Beykoz Belediye Başkanı Murat Aydın, sempozyumun Beykoz’a hayırlar getirmesini temenni ederek: “Kent tarımını önemsiyoruz. 4 yıl önce yaptığınız araştırmalarda da halkımızın kent tarımına ilgisinin ve potansiyelinin olduğunu tespit ettik. Oradan yola çıkarak çalışmalarımızı Belediye Tarım Müdürlüğü’nü kurarak başladık. İlgili sivil toplum örgütleri ile de işbirliği yapmaya başladık. 3 buçuk yıllık çalışmayla Beykoz’da tarım yapılan arazi alanını yüzde 13 artırdık. 3 binden fazla hemşerimize fide desteğinde bulunduk. Ekibimizi güçlendirdik, tecrübe ile yola yürümeye devam ettik. 2019 yılı başı ve 2022 yılı kıyaslama yaptığımızda, 2019 yılında 14 bin 740 ton sebze ve meyve üretimi yapılmış, bugünse 20 bin 752 ton üretime çıktı.” “Biz tarımın sadece bir ihtiyacın karşılanması olarak görmüyoruz. Olağanüstü durumlarda lojistik problemi ortaya çakabilir, dolayısıyla yaşamın devam etmesi bakımından insanların ulaşılması gerekiyor. Bu konuda da kent tarımını önemsiyoruz. Bu süreci daha da geliştirmek ve Türkiye’de de yaygınlaşmasını sağlamak bakımından Bakanlığımızın yaptığı çalışmalara destek vermek amacıyla bu sempozyumu gerçekleştiriyoruz. Sayın Bakanımıza sempozyuma katılımı ve motivasyonumuza katkısı için çok teşekkür ediyoruz” dedi.Sempozyum Bilim Kurulu Başkanı Coşkun: “Akademi Sahada Kurtarıcı Oldu”

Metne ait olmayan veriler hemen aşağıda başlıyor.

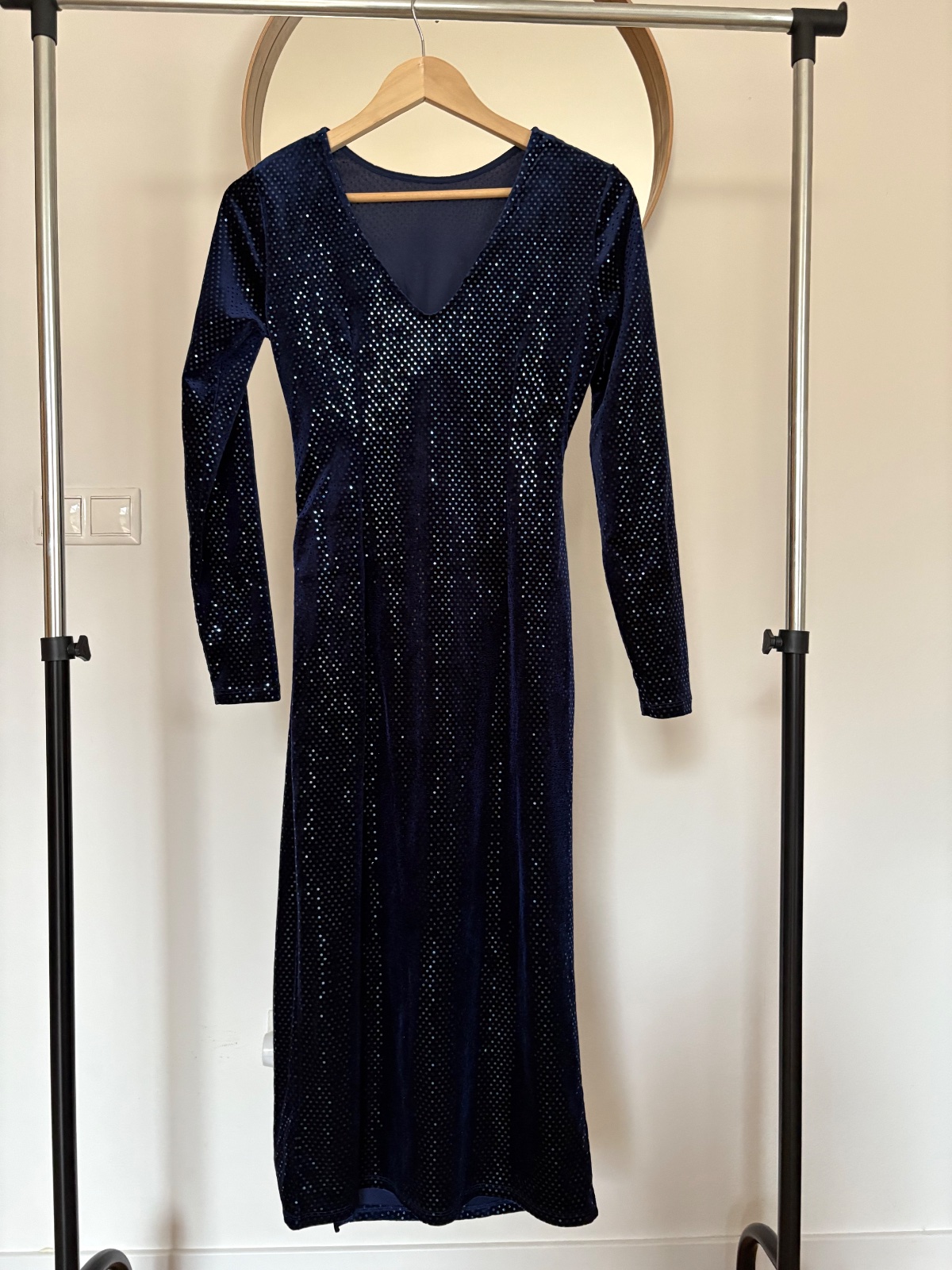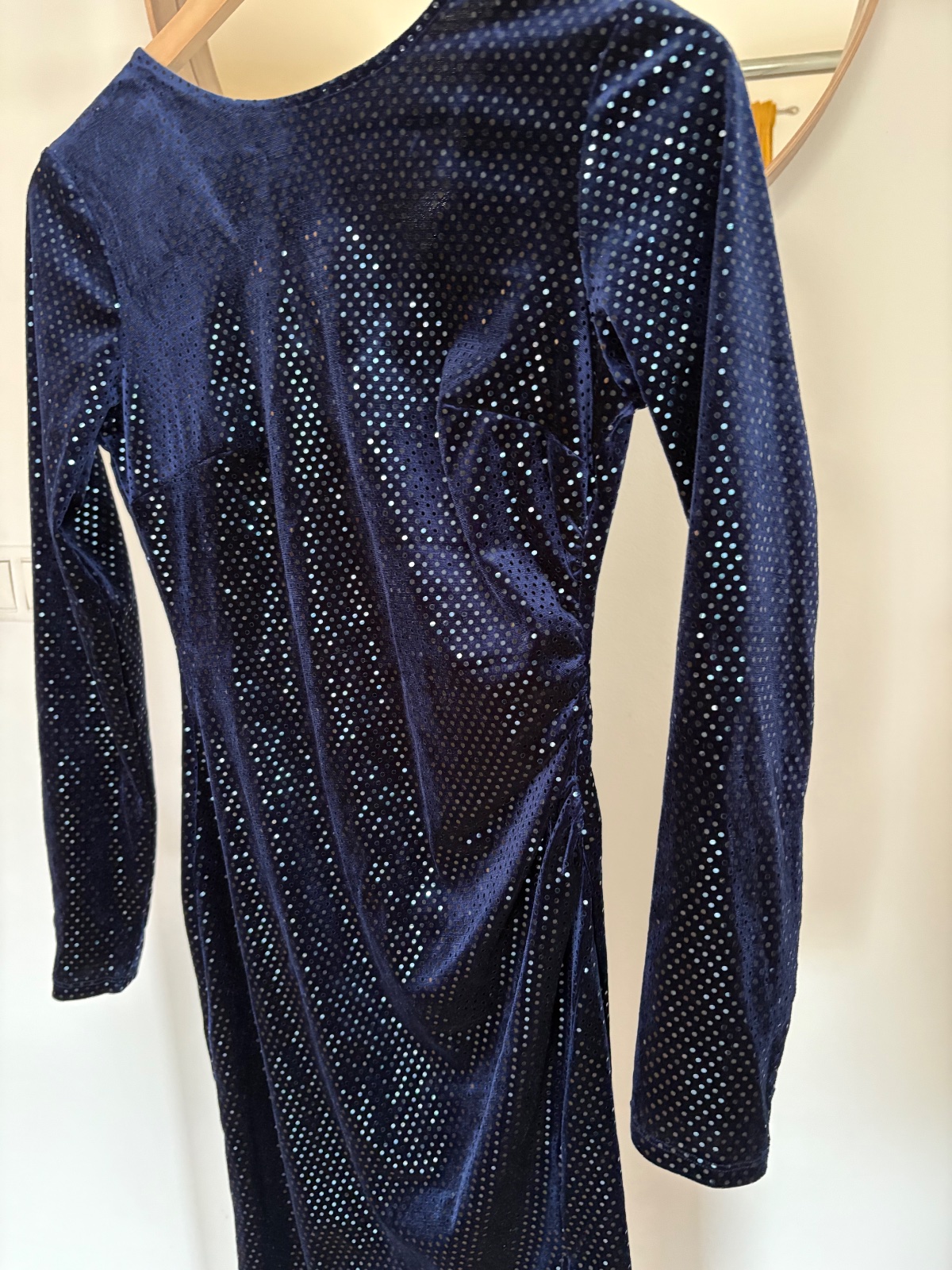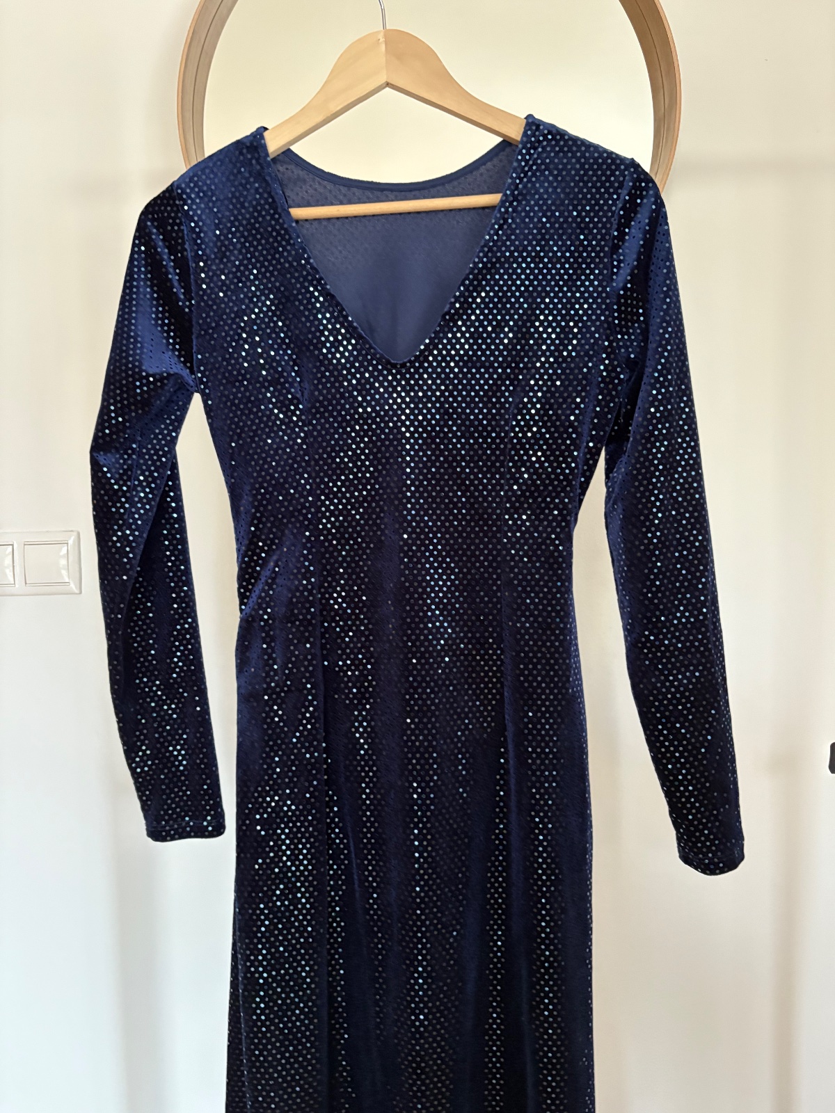 Kvalitne velmi pekne šaty,berlínska modrá farby so vzorom.100%viskoza.super stav,ako nove. se27 Rozměry: vel.S,vel.36,cez prsia 2x45cm,cez pas 2x39cm,dl 95cm. Velikost: 36 Značka: INDI...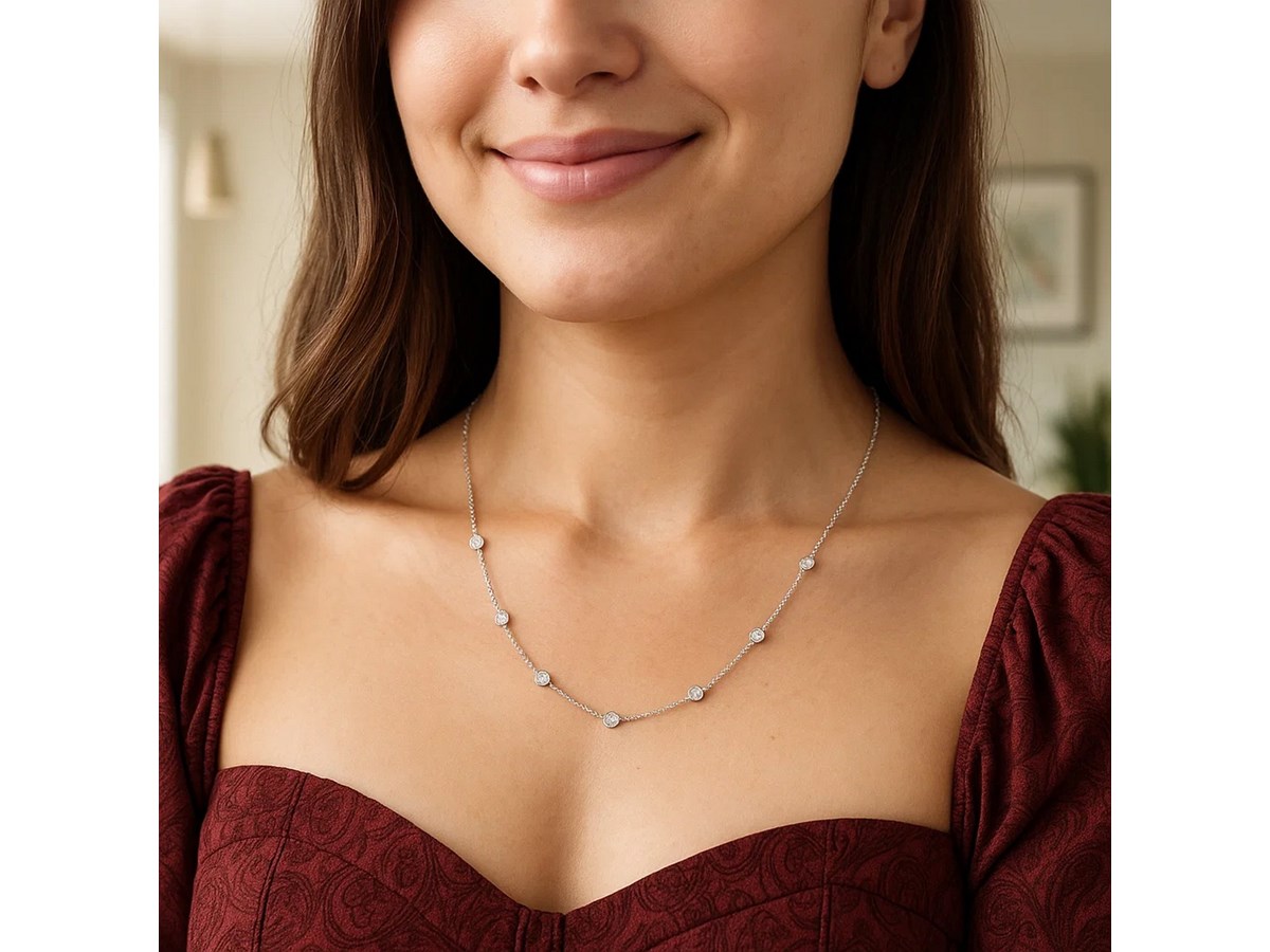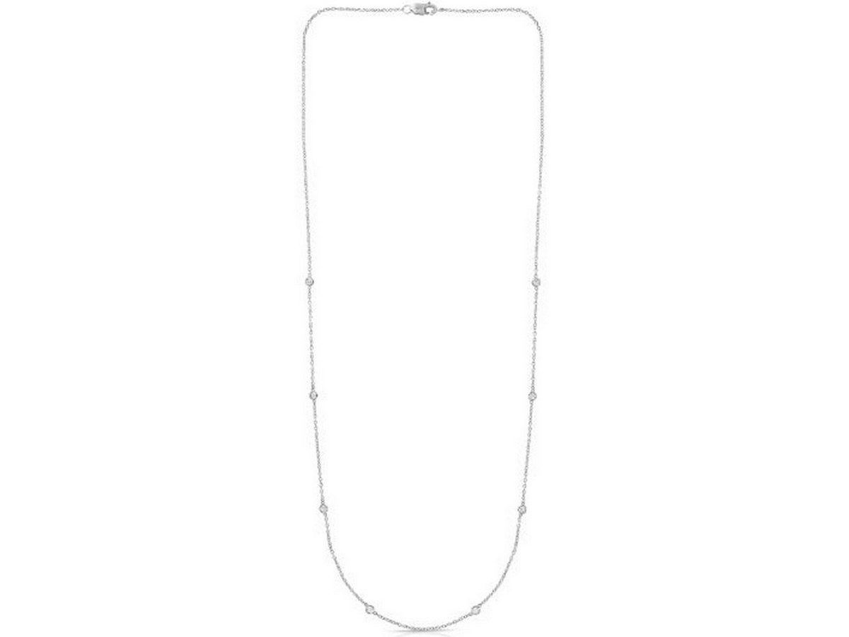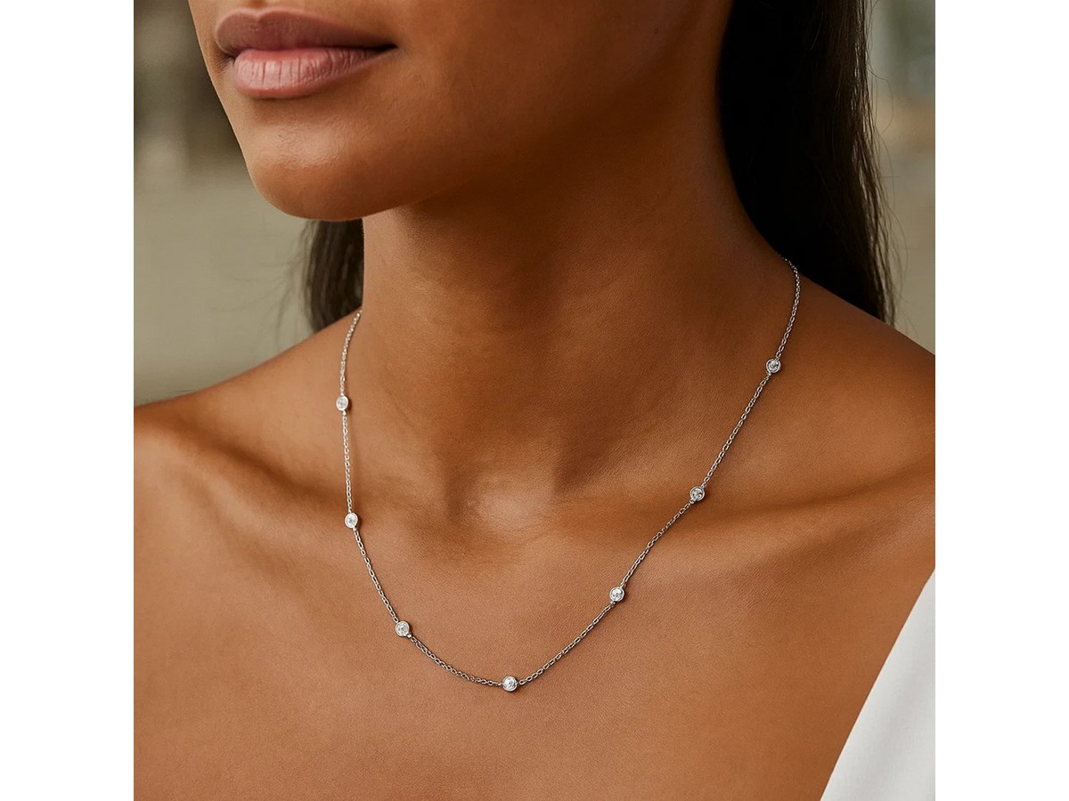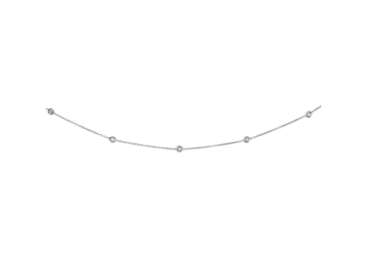 This 14K white gold Diamonds by the Yard necklace features bezel-set diamonds spaced along a delicate gold chain, creating a timeless, light-catching look. Elegant and versatile, it’s perfect for everyday wear, layering, or adding a touch of sparkle to any outfit.

Sempozyum Bilim Kurulu Başkanı Prof. Dr. İsmail Coşkun ise konuşmasında aktivizm, STK ve gönüllülüğün yer aldığı kent tarımında akademinin ciddi bilgi üretimiyle, sahada her zaman kurtarıcı olduğunu vurguladı.Bilimsel Bütüncül Yaklaşım
Ardından uzmanlar, Beykoz özelinde kent tarımına yön verecek değerlendirmelerini, şehir planlamasından dikey ve topraksız tarıma, ekolojik köylerden permakültür ve agroekolojiye kadar, dünyadan ve ilçeden başarılı sürdürülebilir tarım örnekleriyle geniş bir yelpazede sundu.Sempozyumda kent tarımının ziraatten, mimariye, şehir planlamasından sosyolojiye tüm bilimsel disiplinlerin katılımıyla bütüncül bir yaklaşımla ele alınması ile mevzuatta güncel yasal düzenlemeler yapılması gerekliliği ağırlıklı ortak görüş olarak ön plana çıktı.“Beykoz 2022 Kent Tarımı Sempozyumu” sonunda tüm kent tarımı paydaşları için bir de kitap yayınlanacak.